The former commander of the military police for the guerrilla Kosovo Liberation Army (KLA) Sabit Geci, 52, and Riza Alija, 50, were charged with “war crimes against (the) civilian population” committed in two KLA camps in neighbouring Albania, the indictment said.

The indictment, seen by AFP in its Albanian version, was issued by EULEX, the European Union Rule of Law Mission in Kosovo.

It was filed for EULEX by US prosecutor Robert L. Dean, said the camps in the northern towns of Kukes and Cahan set up by the KLA were “logistic, training and supply” sites.

However, the two accused used them to detain “civilians and persons who were not taking part in the war,” it said.

It was not clear when the trial would start.

The war between KLA guerrillas and Serbian forces loyal to then Serbian strongman Slobodan Milosevic ended after the June 1999 NATO air campaign ousted Serbian forces from Kosovo.

Kosovo unilaterally declared independence from Serbia in February 2008 and has so far been recognised by 72 countries, despite Belgrade’s strong opposition.

The 3,000-member EULEX mission was launched in December 2008 to enforce the rule of law in the newly declared country and supervise its police, customs and judiciary.

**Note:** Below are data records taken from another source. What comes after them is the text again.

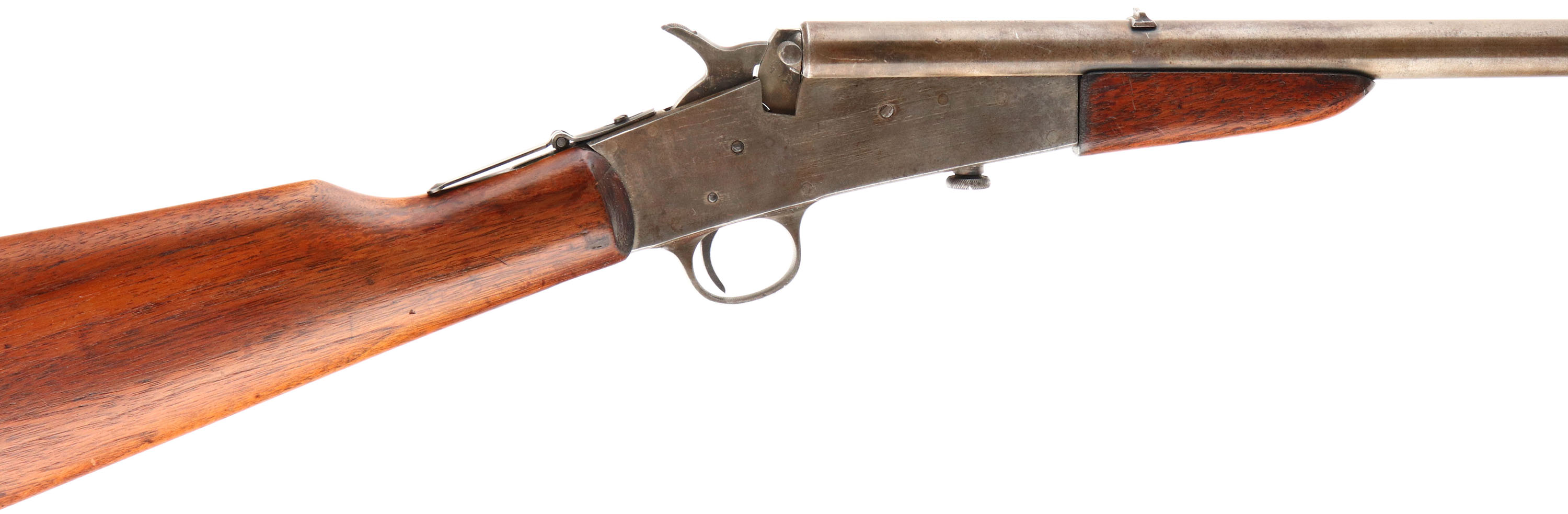 Remington, Model 6, CAL: .22 S,L,LR, MFG: 1901-33, SN: 368466 (barrel), Single Shot Falling Block Rifle, 20'' barrel. The straight grip wood stocks are very good & solid, with an added layer of finish over the original worn finish. There are light scratches, scrapes & contusions, along with a short hairline crack coming off the lower tang. Matching SN on stock. The metal blue finish on the barrel has worn to metal gray, with a thin brown patina. The case-hardened receiver has worn to metal gray & toned to a thin brown patina. Bore is fair & with consistent scarring & pitting amongst worn rifling, Fixed rear sight, blade front sight & flip-up tang peep sight. Remington-UMC smooth metal buttplate. FFL or C&R Req. - Value: 100 to 200
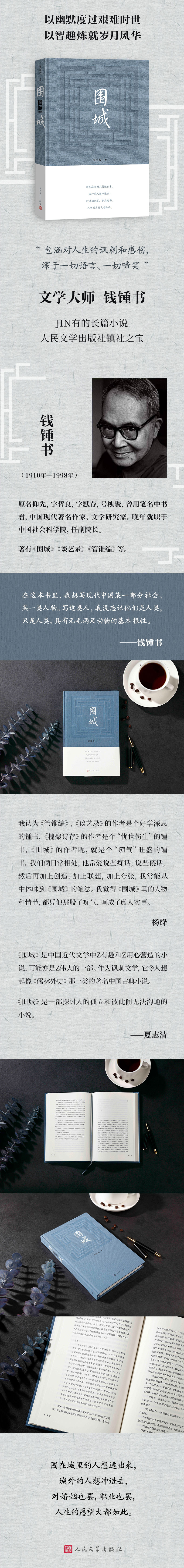 《围城》是中国现代文学史上一部风格独特的讽刺小说,钱锺书以他洒脱幽默的文笔,描写了一群知识分子的生活百态,被誉为“新儒林外史”。
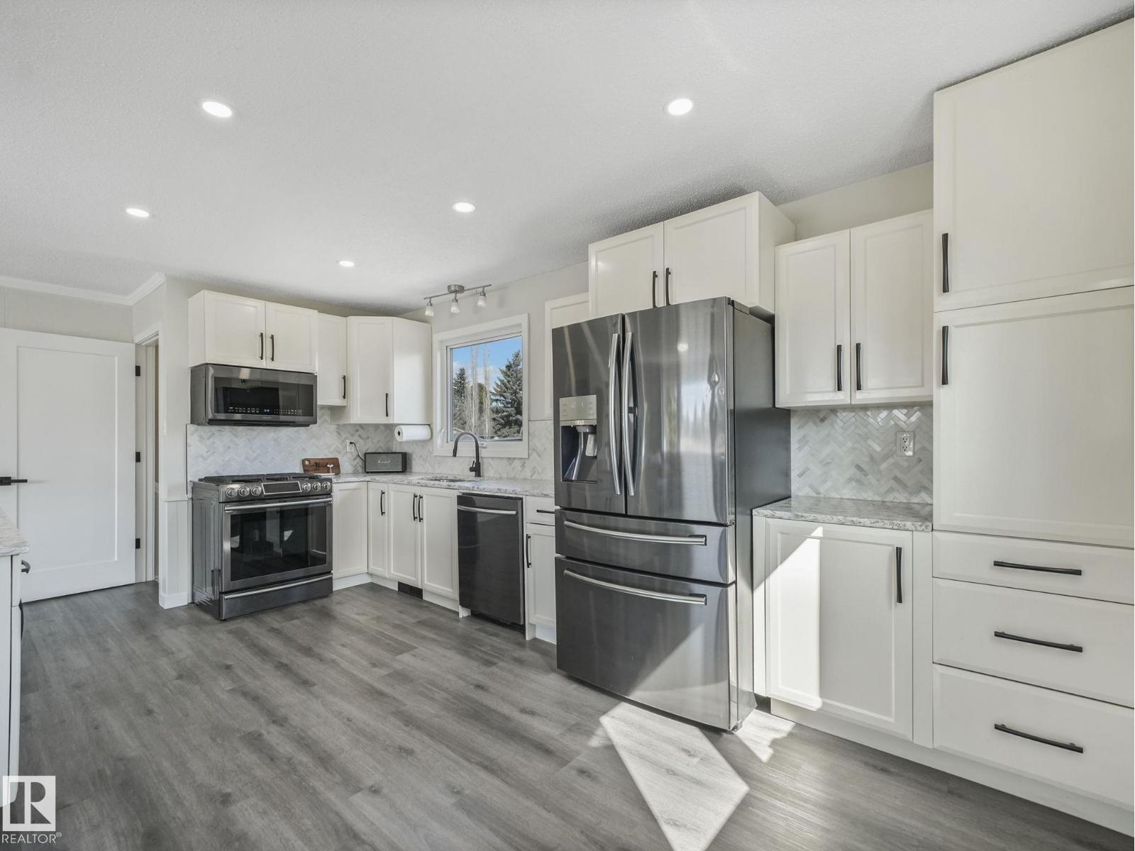 Centrally located in Broxton Park, this sensational, Substantially RENOVATED and UPDATED Bungalow with Double detached garage has 3 bedrooms upstairs ( one with a 2 piece ensuite ), 2 bedrooms downstairs, 2.5 bathrooms, AND a separate entrance into the basement where you have an in law suite with kitchen, 2 beds, a full bath, and wood fireplace! A total of 1948 Sq Ft ( 1087 UP+861 Basement ), you will love how spacious and open the main floor and basement feel thanks to incredible renovations, updated large vinyl windows, new light fixtures, and a light colour palette. Properties like this are incredibly rare as you have an enormous kitchen with updated Stainless Appliances, Granite Countertops, central island, and gorgeous tile backsplash. Other updates include vinyl siding, painted stucco, new doors and windows, updated electrical, furnace and hot water tank, new flooring, tile, tubs, showers, and more! Situated on a nearly 7000 Sq Ft LOT, you'll love the massive yard, patio, and HUGE Driveway! (id:51989)

EULEX has the power to step in and take on cases that the local judiciary and police are unable to handle because of their sensitive nature.

The indictment comes at a time when Pristina is still reeling from allegations of atrocities committed by the KLA in a report by the Council of Europe’s envoy Dick Marty.

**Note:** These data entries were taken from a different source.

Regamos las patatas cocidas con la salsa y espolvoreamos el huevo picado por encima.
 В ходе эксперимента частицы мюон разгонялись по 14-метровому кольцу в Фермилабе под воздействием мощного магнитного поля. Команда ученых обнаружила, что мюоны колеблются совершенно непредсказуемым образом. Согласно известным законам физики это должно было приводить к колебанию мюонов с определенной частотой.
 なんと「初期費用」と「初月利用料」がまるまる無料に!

Marty linked Kosovo Prime Minister Hashim Thaci and other senior KLA commanders to organ trafficking and organised crime.

Thaci has denied the allegations, condemning them as a smear campaign.

One of the indicted men, Geci is mentioned in Marty’s report as suspected of the “killing of a civilian in Kukes who was beaten and shot.”

According to Dean’s indictment, the two men accused allegedly detained Kosovars who fled the conflict and were suspected of collaborating with the then Serbian regime or had “political views that differed from the KLA.”

Geci and Alija were “directly involved in ordering and took part in mistreating persons kept in these detention centres,” from the end of March or beginning of April to June 1999, the document said.

Civilians “were beaten regularly and were hit with batons and nightsticks (truncheons), kicked, mistreated and verbally abused,” it added.

“They were kept in filthy and… unhealthy conditions…. They were denied food, water and medical treatment,” the indictment said.

The indictment described an incident in Kukes where two detainees were ordered to put on bulletproof jackets and afterwards “were shot by a firing squad” as a way of torture.

A EULEX pre-trial judge has already decided that the Kosovo judiciary has the jurisdiction over the case despite the alleged war crimes having taken place in Albania.

Geci had been arrested by European police in May and Alija in June.

The EULEX prosecution provided testimonies of around 20 detainees — whose identities were not revealed — who had said they has suffered great physical and psychological trauma “because of the conditions they were being kept and as the result of beating and torture.”

Their names are coded in a special, confidential annex of the indictment as a way for the court to keep their identities secure.

Following the release of Marty’s report, Thaci warned that those “fake patriots” in Kosovo who had cooperated with the Council of Europe envoy in his investigation might face consequences.

“These names are known and they will be made public very quickly,” Thaci said in a weekend interview with Kosovo private TV station Klan.